==== Supplied data ====

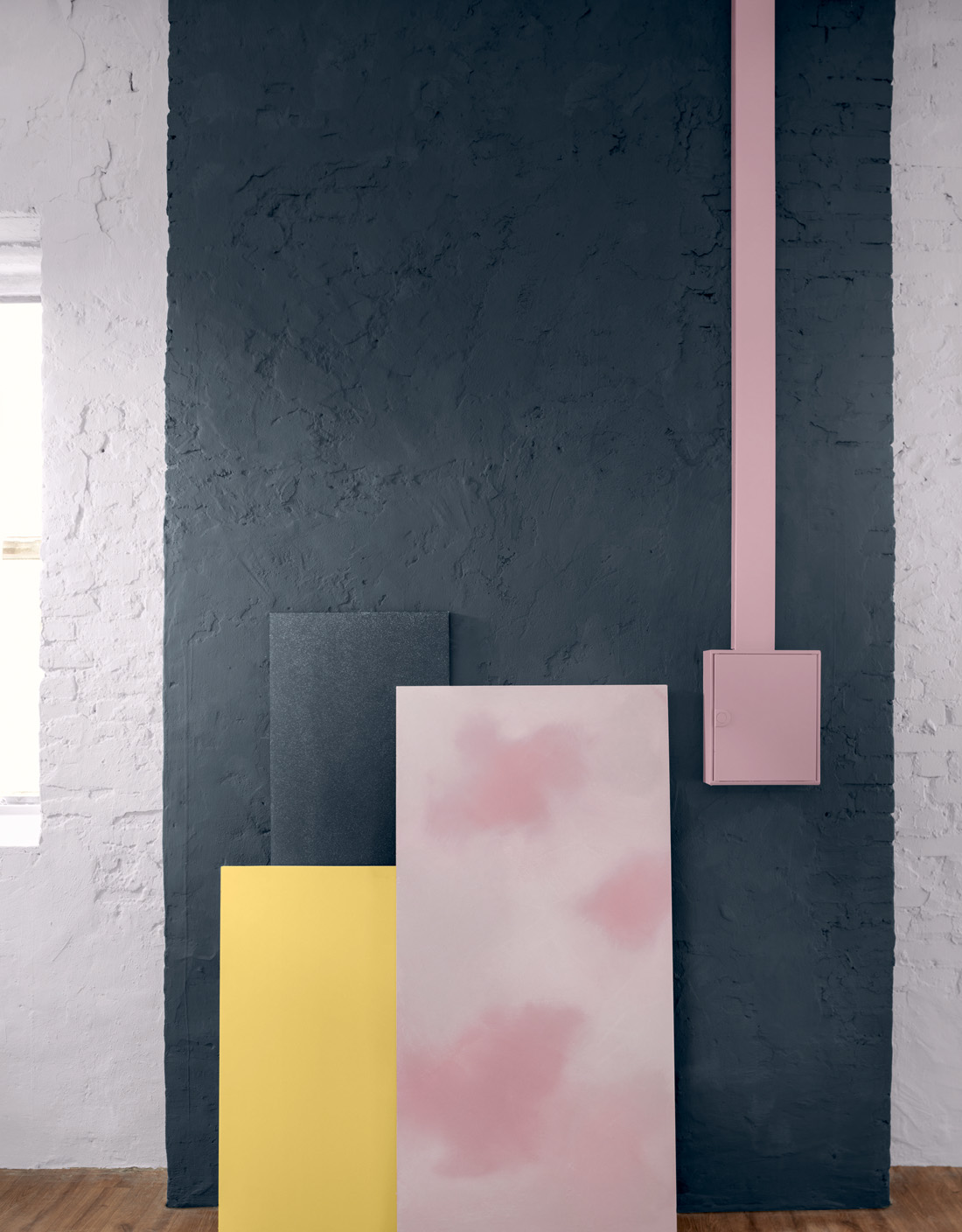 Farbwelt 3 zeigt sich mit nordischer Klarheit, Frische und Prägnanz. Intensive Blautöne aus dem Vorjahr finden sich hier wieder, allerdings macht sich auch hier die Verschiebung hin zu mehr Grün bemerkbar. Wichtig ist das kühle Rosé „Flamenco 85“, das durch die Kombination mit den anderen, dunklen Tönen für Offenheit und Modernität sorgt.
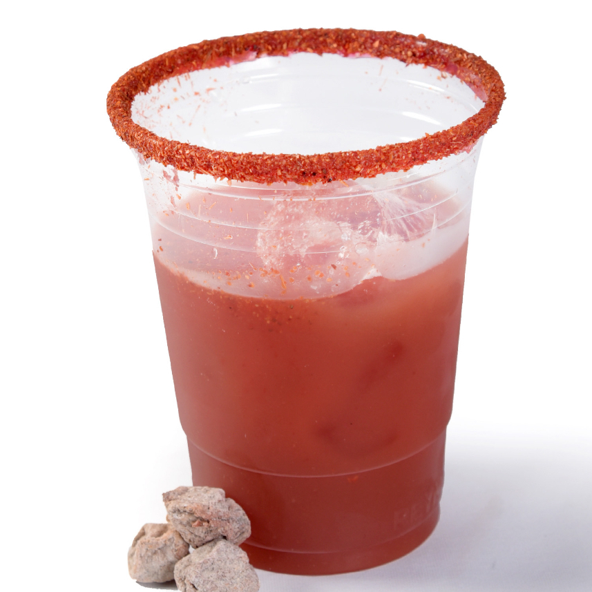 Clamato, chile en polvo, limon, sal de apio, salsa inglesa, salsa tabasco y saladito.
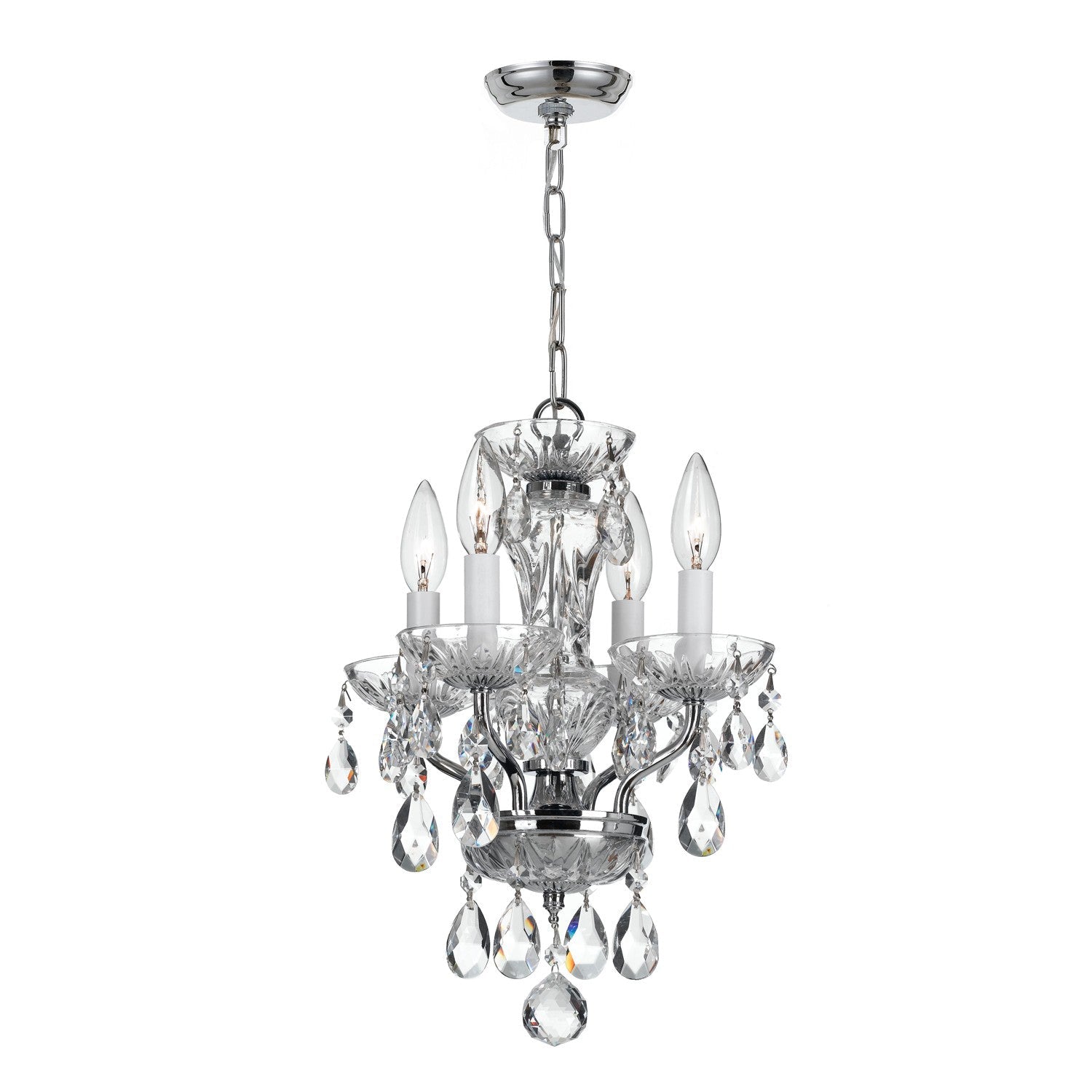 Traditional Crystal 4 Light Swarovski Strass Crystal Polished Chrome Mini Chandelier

====

◆ **Goal of the exercise**:
Please return the listing above exactly and leave every picture out.

◆ **Reply**:
 Farbwelt 3 zeigt sich mit nordischer Klarheit, Frische und Prägnanz. Intensive Blautöne aus dem Vorjahr finden sich hier wieder, allerdings macht sich auch hier die Verschiebung hin zu mehr Grün bemerkbar. Wichtig ist das kühle Rosé „Flamenco 85“, das durch die Kombination mit den anderen, dunklen Tönen für Offenheit und Modernität sorgt.
 Clamato, chile en polvo, limon, sal de apio, salsa inglesa, salsa tabasco y saladito.
 Traditional Crystal 4 Light Swarovski Strass Crystal Polished Chrome Mini Chandelier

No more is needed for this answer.